Duncan was born in London and known as ‘Ian’ from an early age. He was educated in Melbourne before gaining a doctorate at Cambridge University, his thesis being published as The High Court of Delegates. He was 41 and had arrived only seven weeks before, having been appointed to teach legal history and Roman law. The head of the University of Adelaide’s law school at the time was Professor Horst Lücke, who met Duncan on arrival and conveyed him to Lincoln College where he had rented a flat.
The southern bank of the River Torrens was a beat: a meeting place for homosexual men. At around 11 pm on 10 May Dr Duncan and another man, Roger James, had been thrown into the river by a group of men. James suffered a broken ankle; Duncan drowned. The murder shocked the community with allegations that police, engaged in their regular activity of ‘poofter bashing’, were involved.
It was a cruel irony that Duncan had come from Britain – which had decriminalised male homosexual acts in 1967 – to a country where they were still criminal in every state and territory. Attorney-General, Don Dunstan in 1965 had convinced Cabinet to introduce a decriminalisation Bill into the South Australian Parliament, but he had been blocked by the Labor Caucus.
The colonists had brought English law with them to Australia. It had never been codified against male homosexuality as such; its focus had always been on specific sexual behaviour. Buggery – anal sex – was first criminalised by Henry VIII in 1533, and in the beginning it was punishable by death. This code operated initially in every colony of Australia. It was not until 1859 – three years after the colony gained self-government – that the death penalty was removed in South Australia, although it had never been used. Over time the penalty was reduced from ten years to life imprisonment, to a maximum of ten years, though early on this included hard labour and even allowed for flogging. Key changes to South Australian law meant that, by 1935, attempting to procure or committing a male homosexual act whether in public or private was outlawed. These were the restrictions in place when Dr Duncan arrived.

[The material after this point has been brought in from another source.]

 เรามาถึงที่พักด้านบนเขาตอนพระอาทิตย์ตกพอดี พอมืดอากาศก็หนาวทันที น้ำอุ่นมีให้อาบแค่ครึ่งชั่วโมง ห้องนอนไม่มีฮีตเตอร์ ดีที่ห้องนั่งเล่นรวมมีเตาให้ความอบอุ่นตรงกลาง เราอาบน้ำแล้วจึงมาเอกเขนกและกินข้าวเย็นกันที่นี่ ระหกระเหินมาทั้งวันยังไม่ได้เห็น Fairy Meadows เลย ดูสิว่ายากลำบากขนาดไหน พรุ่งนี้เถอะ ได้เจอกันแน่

At the inquest into the death three vice squad officers refused to answer all questions put to them, were suspended and later resigned from the police force. The coroner’s finding was death due to violence on the part of persons unknown. Public concern was so great that Murray Hill, a progressive member of the conservative side of politics – the Liberal and Country League Party – revealed that he would prepare a private member’s bill to enact decriminalisation. It was introduced into the Legislative Council on 26 July 1972.
The Bill was based on the 1967 British legislation. It would allow consensual sexual acts in private between two men over the age of 21, even though females could consent to sexual activity in South Australia at the age of 17 and the legal age of adulthood in the state was 18. The Bill defined ‘in private’ as involving no more than two people and not ‘in a lavatory to which the public have or are permitted to have access’, a specific reference to beats.

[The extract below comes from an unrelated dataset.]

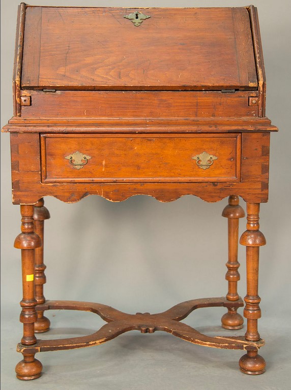 Queen Anne desk on frame having slant lid desk on lower section with one drawer and scalloped skirt on turned legs with flat X stretcher set on suppressed ball feet, pine and hard pine, 18th century. ht. 39 1/2 in. lower case wd. 27 in. dp. 17 3/4 in.
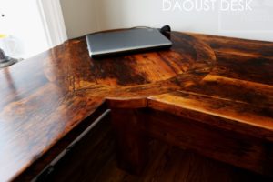 Details: L Shaped Custom Reclaimed Wood Desk – Threshing Floor Walls Base – 5 Drawers – Reclaimed Pine Threshing Floor – Corner Round Bread-edging – Original Barnwood Edges/Distressing Maintained – Lee Valley Hardware – Premium epoxy/polyurethane finishÂÂ

Ren DeGaris, the leader of the Conservatives in the Legislative Council, introduced a devastating amendment to the Bill. He moved that a private, consensual act, committed between two men over 21, would exist only as a defence in court. It allowed for a measure of reform, inevitable and perhaps even necessary after the death of Dr Duncan, but meant that homosexual men would still be dragged before the courts with the attendant publicity. The amended Bill eventually passed both Houses of Parliament. Full decriminalisation thus had not been achieved.
In 1973 Labor’s recently elected member for Elizabeth, Peter Duncan (no relation to Dr Duncan), announced that
Dr George Ian Ogilvie Duncan
he would introduce a radically different Bill into the House of Assembly. The Bill provided for ‘a code of sexual behaviour’ applicable to all persons regardless of sex or sexual orientation. In creating statutory equality between homosexuals and heterosexuals, it established a common age of consent of 17, the same penalties for non-consenting acts and the same restrictions on public acts and penalties. It abolished the offences of buggery, gross indecency and soliciting for homosexual purposes, but now recognised male prostitution and homosexual rape. Harsh penalties were prescribed for sexual offences against children, with special reference to those committed by teachers, guardians or others in a duty of care. This indeed would be far-sighted legislation.
In November 1973 the Bill was put to the vote in the Legislative Council and defeated on the casting vote of the President, Sir Lyell McEwin. In an astonishing lapse a Labor member, Cec Creedon, who supported the Bill failed to vote. He claimed he had not heard the bells ringing for the division. The Bill was reintroduced under a rarely used Standing Order (supposedly last employed in 1884) which allowed a Bill defeated at the second reading to be restored to the notice paper. But McEwin’s deliberative vote ensured failure again.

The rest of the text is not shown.